▶ [DATA PROVIDED]
....................

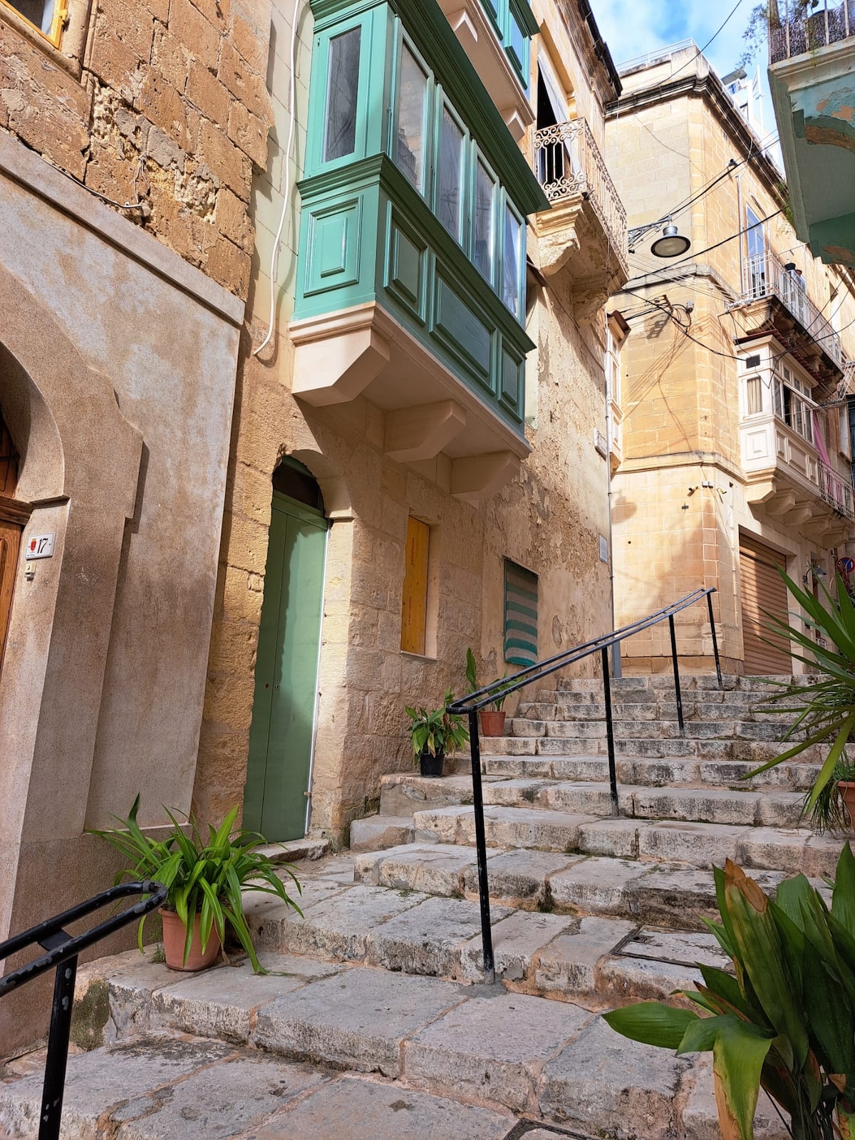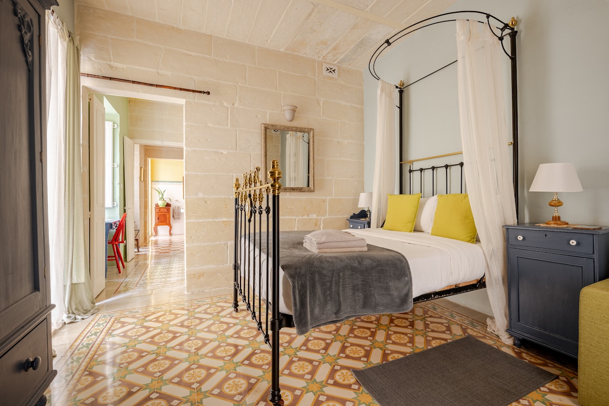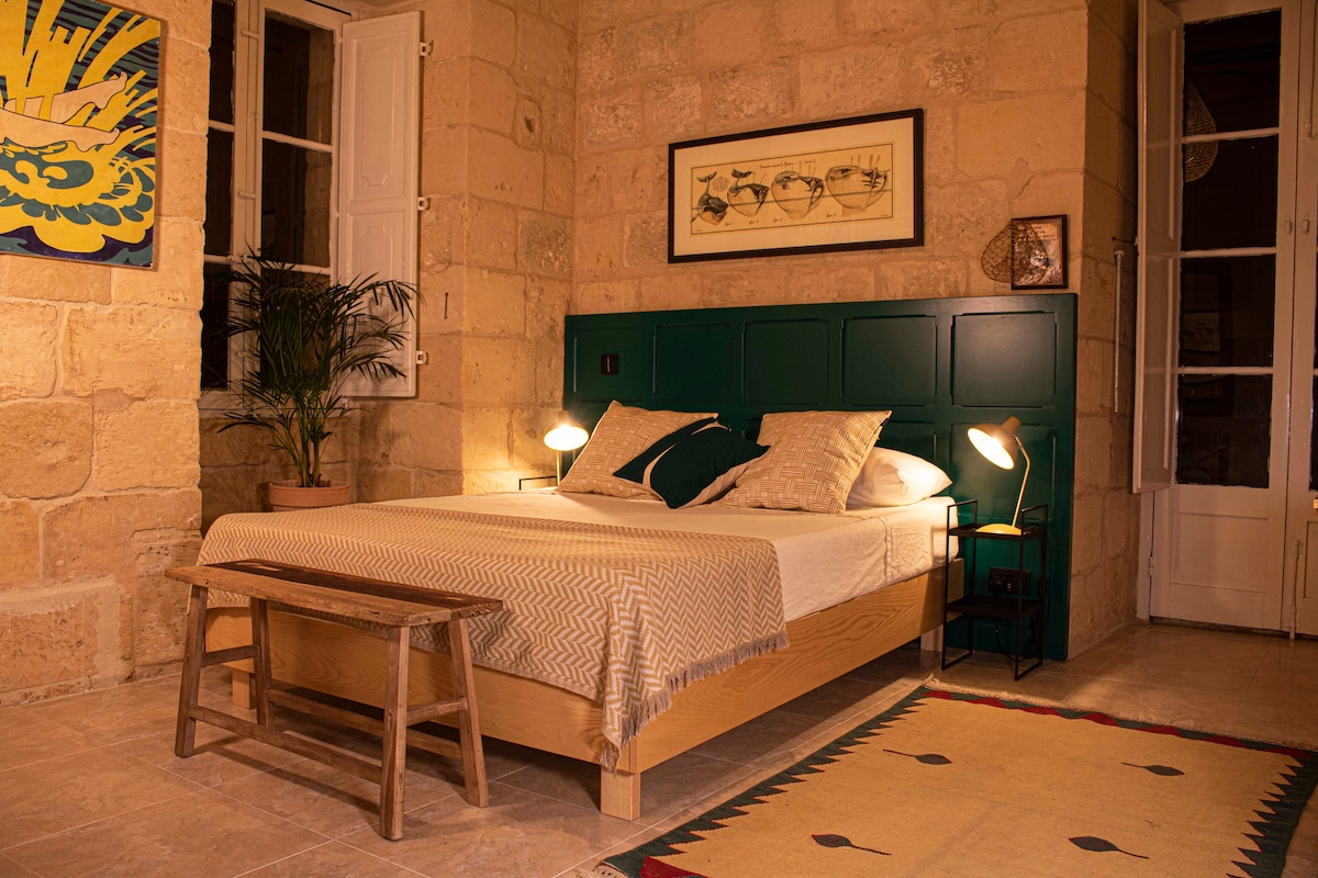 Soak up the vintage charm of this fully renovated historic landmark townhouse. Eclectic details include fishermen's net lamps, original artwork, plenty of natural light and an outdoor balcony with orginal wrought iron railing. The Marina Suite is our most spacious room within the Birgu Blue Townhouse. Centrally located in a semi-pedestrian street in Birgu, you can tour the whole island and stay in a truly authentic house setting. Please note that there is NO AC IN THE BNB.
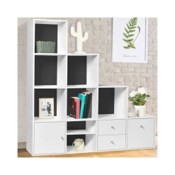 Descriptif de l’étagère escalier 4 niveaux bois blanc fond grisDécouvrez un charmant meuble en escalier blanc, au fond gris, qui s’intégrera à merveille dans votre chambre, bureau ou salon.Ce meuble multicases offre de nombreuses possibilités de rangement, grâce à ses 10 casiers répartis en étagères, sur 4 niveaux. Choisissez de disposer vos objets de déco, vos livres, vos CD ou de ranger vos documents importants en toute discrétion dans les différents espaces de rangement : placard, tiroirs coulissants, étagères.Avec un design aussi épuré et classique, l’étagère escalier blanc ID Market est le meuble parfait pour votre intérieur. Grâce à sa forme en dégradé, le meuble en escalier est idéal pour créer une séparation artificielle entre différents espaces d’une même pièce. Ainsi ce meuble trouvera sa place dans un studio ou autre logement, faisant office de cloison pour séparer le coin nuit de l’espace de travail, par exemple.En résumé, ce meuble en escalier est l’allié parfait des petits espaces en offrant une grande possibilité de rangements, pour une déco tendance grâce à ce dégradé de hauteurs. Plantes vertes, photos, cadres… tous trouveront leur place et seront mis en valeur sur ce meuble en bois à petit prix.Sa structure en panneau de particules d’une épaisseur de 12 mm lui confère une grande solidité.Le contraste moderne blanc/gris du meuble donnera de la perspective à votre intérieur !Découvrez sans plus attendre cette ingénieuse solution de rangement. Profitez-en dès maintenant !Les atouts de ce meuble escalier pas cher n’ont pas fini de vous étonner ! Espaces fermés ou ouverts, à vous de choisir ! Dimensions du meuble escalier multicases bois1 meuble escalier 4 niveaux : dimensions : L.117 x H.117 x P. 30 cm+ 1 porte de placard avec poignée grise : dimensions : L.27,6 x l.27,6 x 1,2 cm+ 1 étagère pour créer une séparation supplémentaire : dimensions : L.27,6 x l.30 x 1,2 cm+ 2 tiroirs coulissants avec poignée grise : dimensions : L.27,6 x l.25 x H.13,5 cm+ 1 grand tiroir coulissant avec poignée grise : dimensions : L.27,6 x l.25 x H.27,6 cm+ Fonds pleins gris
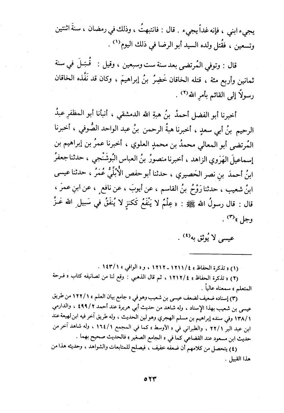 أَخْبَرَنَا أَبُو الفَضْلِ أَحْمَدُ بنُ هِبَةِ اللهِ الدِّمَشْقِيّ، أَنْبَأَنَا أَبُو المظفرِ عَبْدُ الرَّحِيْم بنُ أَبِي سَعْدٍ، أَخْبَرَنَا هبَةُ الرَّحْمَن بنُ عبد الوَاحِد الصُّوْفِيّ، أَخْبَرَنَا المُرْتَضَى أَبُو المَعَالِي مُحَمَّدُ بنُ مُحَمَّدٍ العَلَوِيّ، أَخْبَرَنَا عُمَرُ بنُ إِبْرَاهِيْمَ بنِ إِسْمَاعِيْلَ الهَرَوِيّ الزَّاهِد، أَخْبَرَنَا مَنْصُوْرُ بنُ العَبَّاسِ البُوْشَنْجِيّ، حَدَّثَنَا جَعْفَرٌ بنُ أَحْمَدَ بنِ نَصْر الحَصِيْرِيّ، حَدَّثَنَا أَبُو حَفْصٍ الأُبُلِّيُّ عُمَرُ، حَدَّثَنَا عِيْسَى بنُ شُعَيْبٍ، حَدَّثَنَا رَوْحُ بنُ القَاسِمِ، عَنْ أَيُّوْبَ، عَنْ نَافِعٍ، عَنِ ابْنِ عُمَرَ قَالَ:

....................

▶ [TASK DIRECTIONS]
The expected answer is an unaltered copy of the listing, images removed.

▶ [ANSWER TO THE PROBLEM]
 Soak up the vintage charm of this fully renovated historic landmark townhouse. Eclectic details include fishermen's net lamps, original artwork, plenty of natural light and an outdoor balcony with orginal wrought iron railing. The Marina Suite is our most spacious room within the Birgu Blue Townhouse. Centrally located in a semi-pedestrian street in Birgu, you can tour the whole island and stay in a truly authentic house setting. Please note that there is NO AC IN THE BNB.
 Descriptif de l’étagère escalier 4 niveaux bois blanc fond grisDécouvrez un charmant meuble en escalier blanc, au fond gris, qui s’intégrera à merveille dans votre chambre, bureau ou salon.Ce meuble multicases offre de nombreuses possibilités de rangement, grâce à ses 10 casiers répartis en étagères, sur 4 niveaux. Choisissez de disposer vos objets de déco, vos livres, vos CD ou de ranger vos documents importants en toute discrétion dans les différents espaces de rangement : placard, tiroirs coulissants, étagères.Avec un design aussi épuré et classique, l’étagère escalier blanc ID Market est le meuble parfait pour votre intérieur. Grâce à sa forme en dégradé, le meuble en escalier est idéal pour créer une séparation artificielle entre différents espaces d’une même pièce. Ainsi ce meuble trouvera sa place dans un studio ou autre logement, faisant office de cloison pour séparer le coin nuit de l’espace de travail, par exemple.En résumé, ce meuble en escalier est l’allié parfait des petits espaces en offrant une grande possibilité de rangements, pour une déco tendance grâce à ce dégradé de hauteurs. Plantes vertes, photos, cadres… tous trouveront leur place et seront mis en valeur sur ce meuble en bois à petit prix.Sa structure en panneau de particules d’une épaisseur de 12 mm lui confère une grande solidité.Le contraste moderne blanc/gris du meuble donnera de la perspective à votre intérieur !Découvrez sans plus attendre cette ingénieuse solution de rangement. Profitez-en dès maintenant !Les atouts de ce meuble escalier pas cher n’ont pas fini de vous étonner ! Espaces fermés ou ouverts, à vous de choisir ! Dimensions du meuble escalier multicases bois1 meuble escalier 4 niveaux : dimensions : L.117 x H.117 x P. 30 cm+ 1 porte de placard avec poignée grise : dimensions : L.27,6 x l.27,6 x 1,2 cm+ 1 étagère pour créer une séparation supplémentaire : dimensions : L.27,6 x l.30 x 1,2 cm+ 2 tiroirs coulissants avec poignée grise : dimensions : L.27,6 x l.25 x H.13,5 cm+ 1 grand tiroir coulissant avec poignée grise : dimensions : L.27,6 x l.25 x H.27,6 cm+ Fonds pleins gris
 أَخْبَرَنَا أَبُو الفَضْلِ أَحْمَدُ بنُ هِبَةِ اللهِ الدِّمَشْقِيّ، أَنْبَأَنَا أَبُو المظفرِ عَبْدُ الرَّحِيْم بنُ أَبِي سَعْدٍ، أَخْبَرَنَا هبَةُ الرَّحْمَن بنُ عبد الوَاحِد الصُّوْفِيّ، أَخْبَرَنَا المُرْتَضَى أَبُو المَعَالِي مُحَمَّدُ بنُ مُحَمَّدٍ العَلَوِيّ، أَخْبَرَنَا عُمَرُ بنُ إِبْرَاهِيْمَ بنِ إِسْمَاعِيْلَ الهَرَوِيّ الزَّاهِد، أَخْبَرَنَا مَنْصُوْرُ بنُ العَبَّاسِ البُوْشَنْجِيّ، حَدَّثَنَا جَعْفَرٌ بنُ أَحْمَدَ بنِ نَصْر الحَصِيْرِيّ، حَدَّثَنَا أَبُو حَفْصٍ الأُبُلِّيُّ عُمَرُ، حَدَّثَنَا عِيْسَى بنُ شُعَيْبٍ، حَدَّثَنَا رَوْحُ بنُ القَاسِمِ، عَنْ أَيُّوْبَ، عَنْ نَافِعٍ، عَنِ ابْنِ عُمَرَ قَالَ:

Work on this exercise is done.